KatjaGrace comments on Superintelligence 20: The value-loading problem - Less Wrong Discussion
You are viewing a comment permalink. View the original post to see all comments and the full post content.
You are viewing a comment permalink. View the original post to see all comments and the full post content.
Comments (21)
What do you think of Ernest Davis' view? Is the value loading problem a problem?
Did anyone else immediately try to come up with ways Davis' plan would fail? One obvious failure mode would be in specifying which dead people count - if you say "the people described in these books," the AI could just grab the books and rewrite them. Hmm, come to think of it: is any attempt to pin down human preferences by physical reference rather than logical reference vulnerable to tampering of this kind, and therefore unworkable? I know EY has written many times before about a "giant logical function that computes morality", but this puts that notion in a bit of a different light for me. Anyway, I'm sure there other less obvious ways Davis' plan could go wrong too. I also suspect he's sneaking a lot into that little word, "disapprove".

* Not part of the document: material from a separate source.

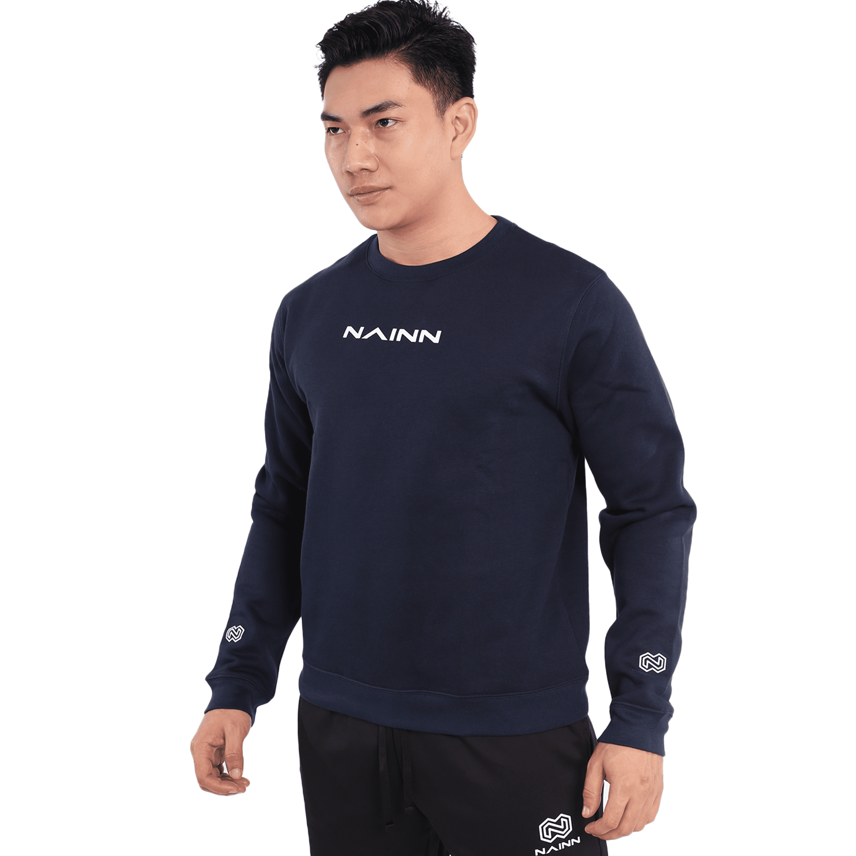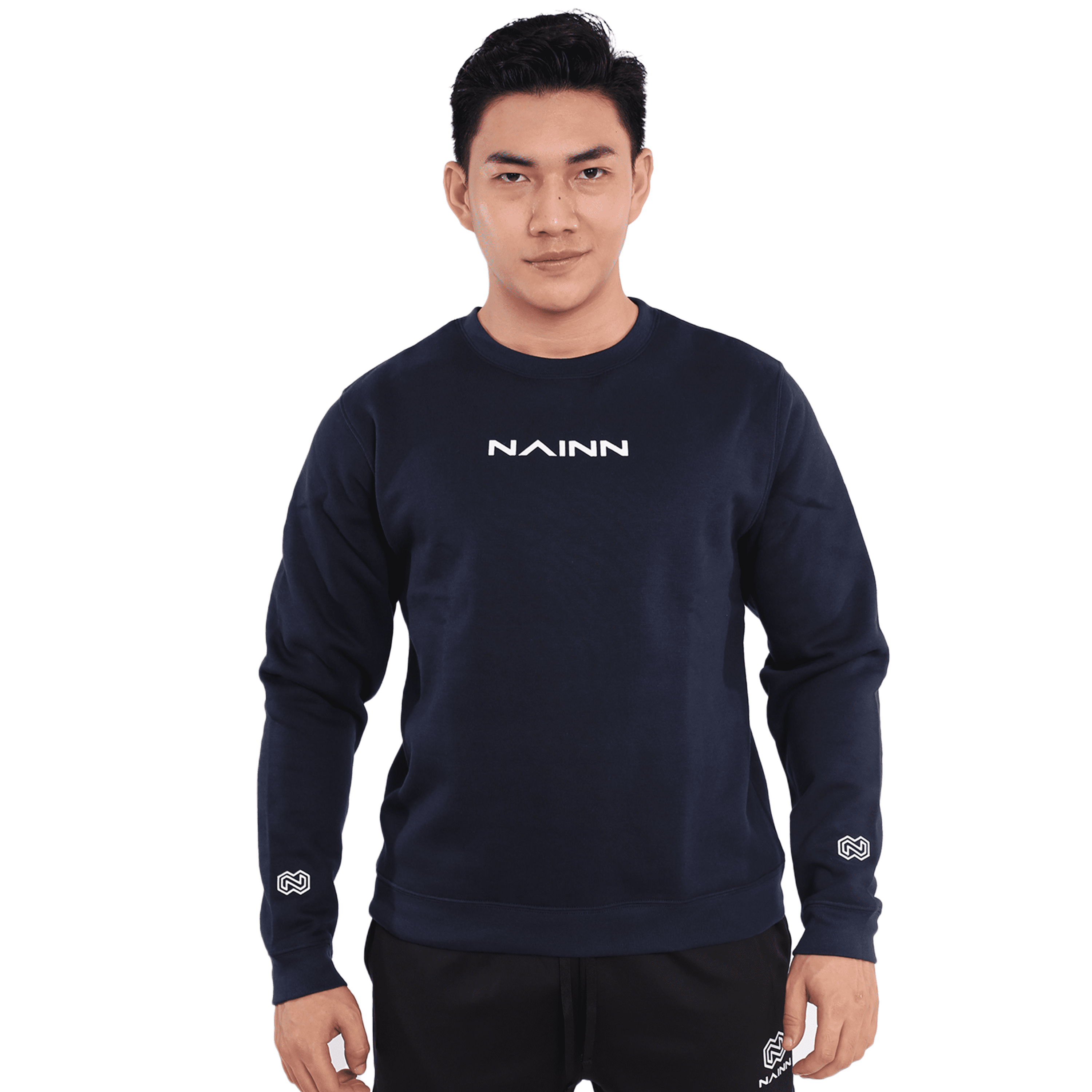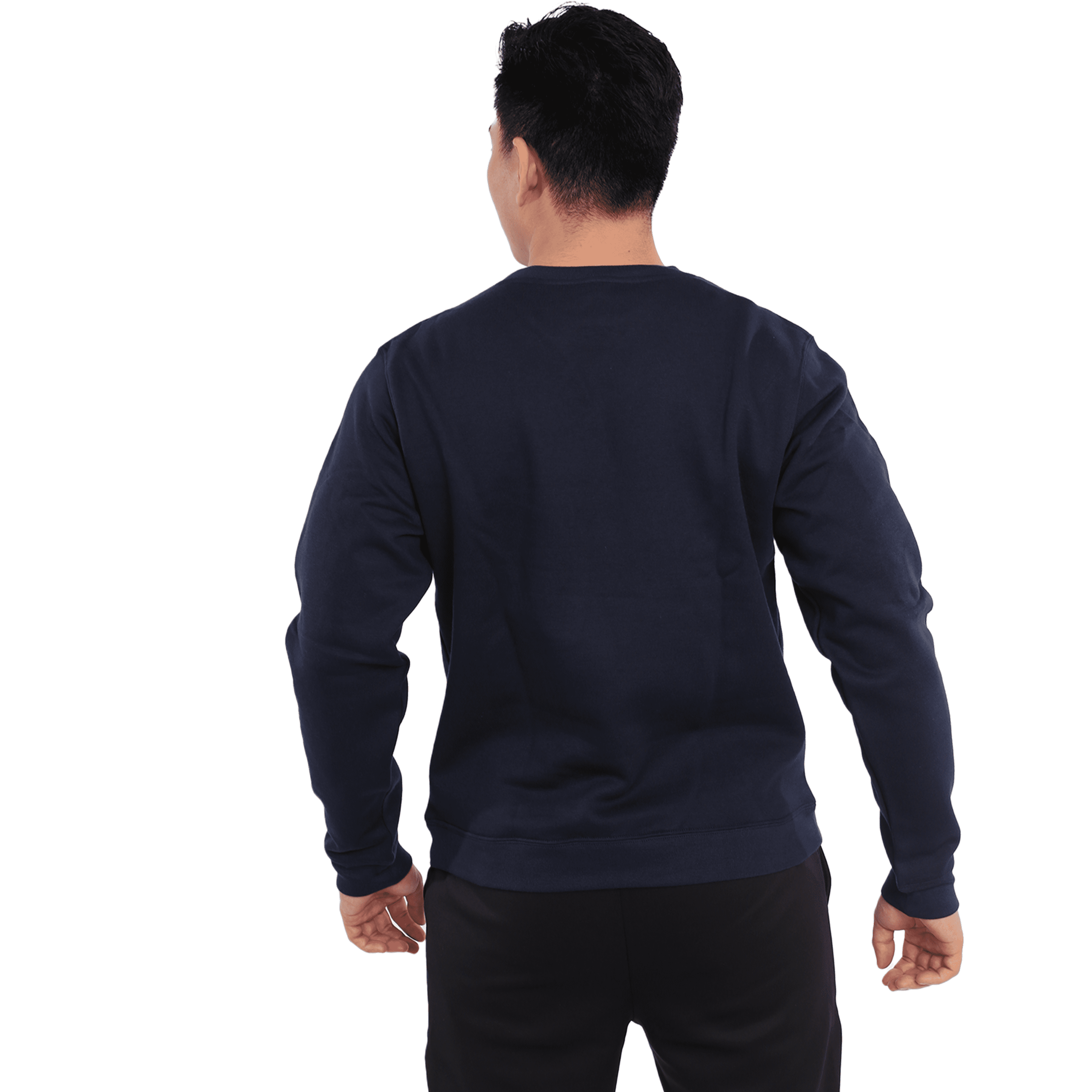 Jaket luaran model tarikan tanpa penutup kepala warna biru gelap. Cocok untuk dipakai saat bersantai maupun untuk berolahraga

In general though, I'm continually astounded at how many people, upon being introduced to the value loading problem and some of the pitfalls that "common-sense" approaches have, still say "Okay, but why couldn't we just do [idea I came up with in five seconds]?"

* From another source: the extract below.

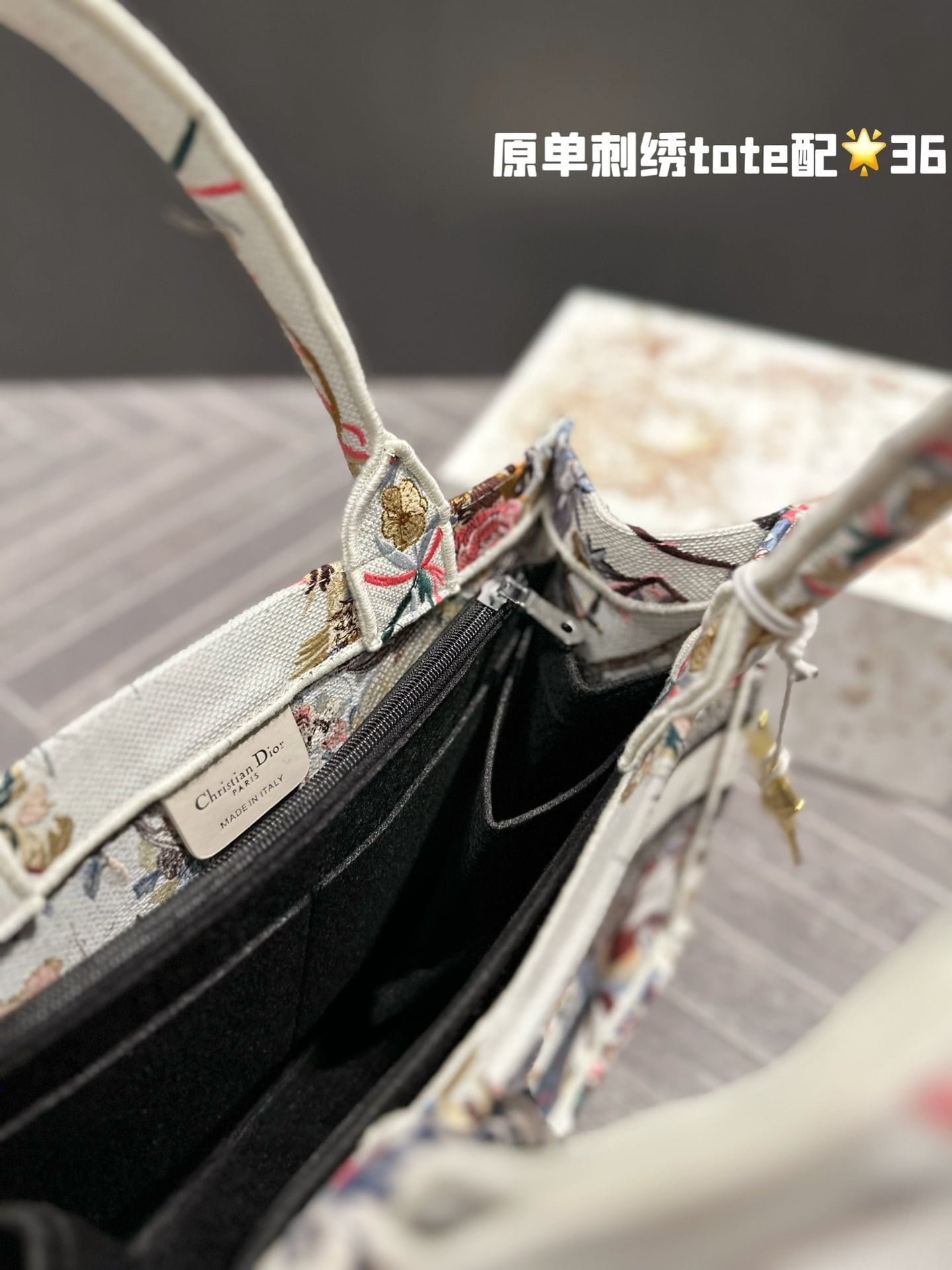 Dior embroidery tote bag size: 36cm

Not as such, no. It's a possible failure mode, similar to wireheading; but both of those are avoidable. You need to write the goal system in such a way that makes the AI care about the original referent, not any proxy that it looks at, but there's no particular reason to think that's impossible.
Agreed.
Davis massively underestimates the magnitude and importance of the moral questions we haven't considered, which renders his approach unworkable.
I don't. Building a transhuman civilization is going to raise all sorts of issues that we haven't worked out, and do so quickly. A large part of the possible benefits are going to be contingent on the controlling system becoming much better at answering moral questions than any individual humans are right now. I would be extremely surprised if we don't end up losing at least one order of magnitude of utility to this approach, and it wouldn't surprise me at all if it turns out to produce a hellish environment in short order. The cost is too high.
I don't understand what scenario he is envisioning, here. If (given sufficient additional information, intelligence, rationality and development time) we'd agree with the morality of this result, then his final statement doesn't follow. If we wouldn't, it's a good old-fashioned Friendliness failure.